(Task goal):
Write each line out exactly, from the one containing "Endoskop und Rektoskop, um" through the final line of the data, and keep pictures out of the copy.

(Provided data):
---+---
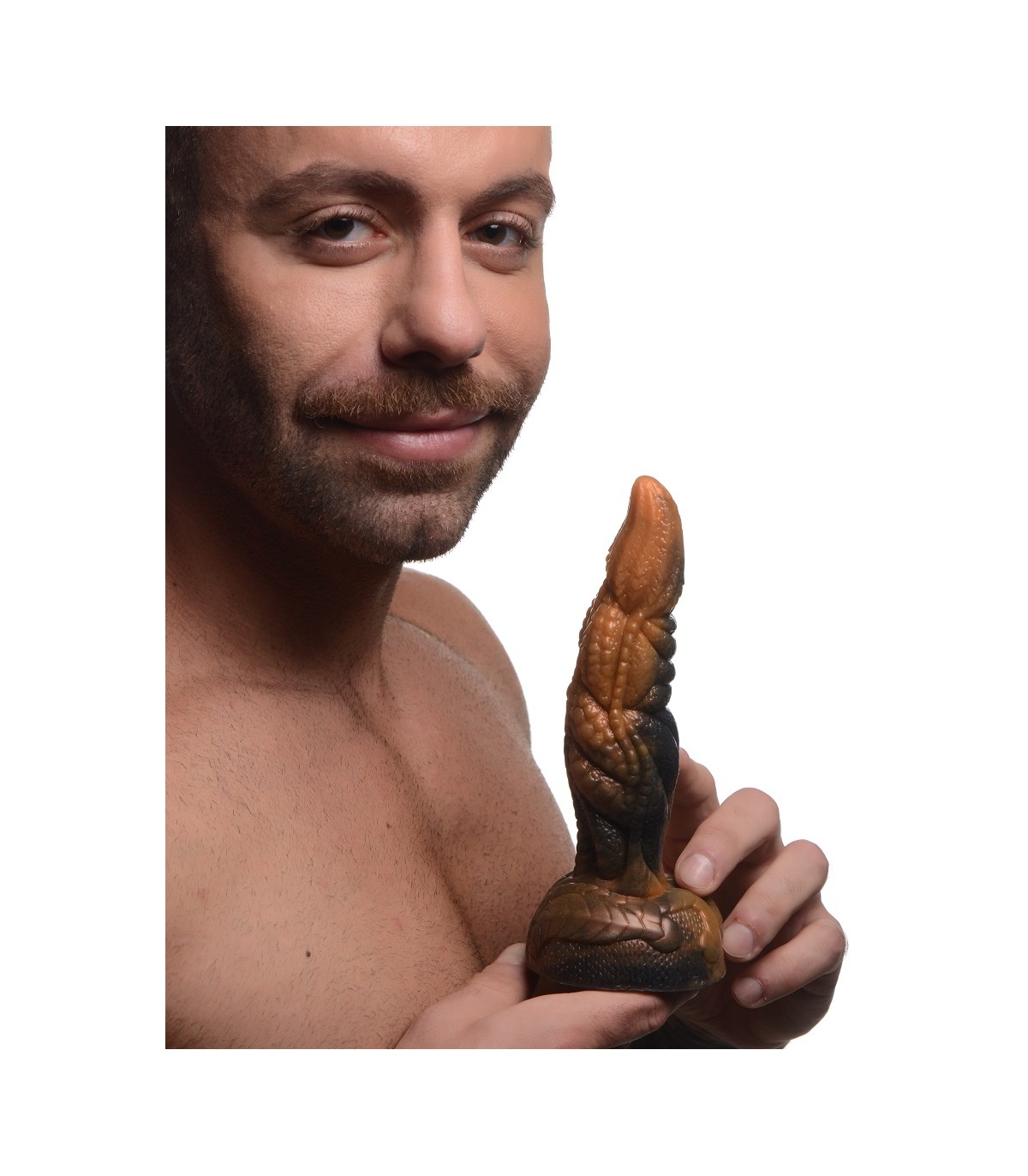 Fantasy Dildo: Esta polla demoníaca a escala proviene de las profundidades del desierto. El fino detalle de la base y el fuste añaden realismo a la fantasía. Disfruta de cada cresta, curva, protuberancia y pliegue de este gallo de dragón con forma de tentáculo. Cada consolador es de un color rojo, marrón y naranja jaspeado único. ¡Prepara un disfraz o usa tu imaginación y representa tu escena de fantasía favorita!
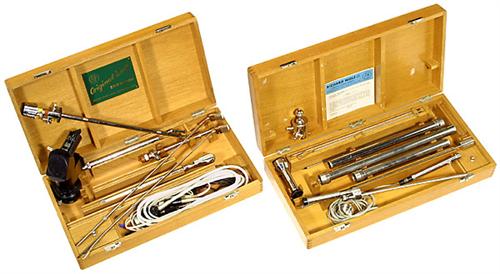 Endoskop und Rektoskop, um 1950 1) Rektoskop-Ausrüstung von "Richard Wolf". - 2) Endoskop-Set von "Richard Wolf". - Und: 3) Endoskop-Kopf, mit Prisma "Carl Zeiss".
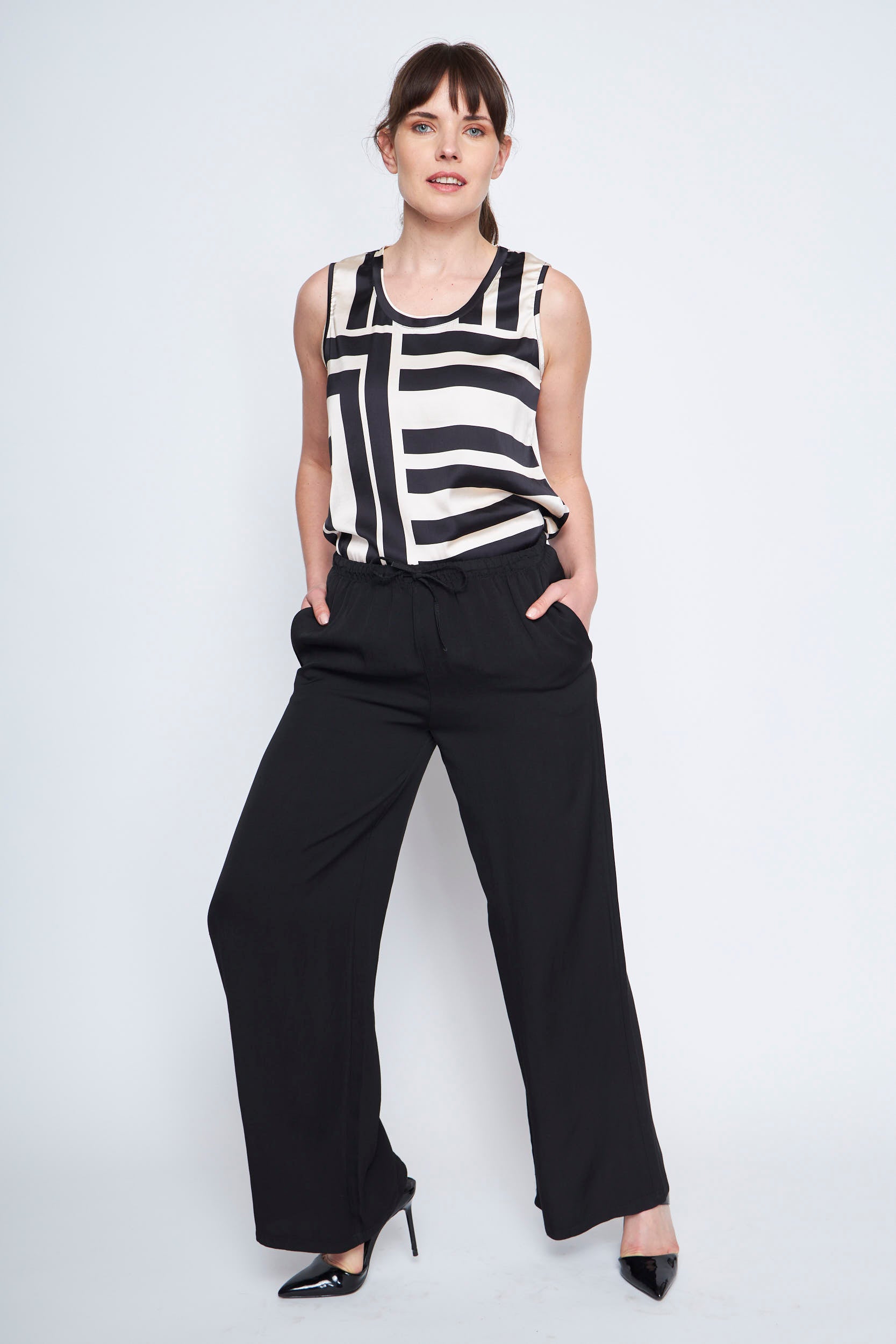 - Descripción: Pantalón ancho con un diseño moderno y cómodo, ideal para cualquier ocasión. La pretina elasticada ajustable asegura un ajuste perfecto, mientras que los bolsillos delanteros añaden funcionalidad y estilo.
---+---
(Your response):
 Endoskop und Rektoskop, um 1950 1) Rektoskop-Ausrüstung von "Richard Wolf". - 2) Endoskop-Set von "Richard Wolf". - Und: 3) Endoskop-Kopf, mit Prisma "Carl Zeiss".
 - Descripción: Pantalón ancho con un diseño moderno y cómodo, ideal para cualquier ocasión. La pretina elasticada ajustable asegura un ajuste perfecto, mientras que los bolsillos delanteros añaden funcionalidad y estilo.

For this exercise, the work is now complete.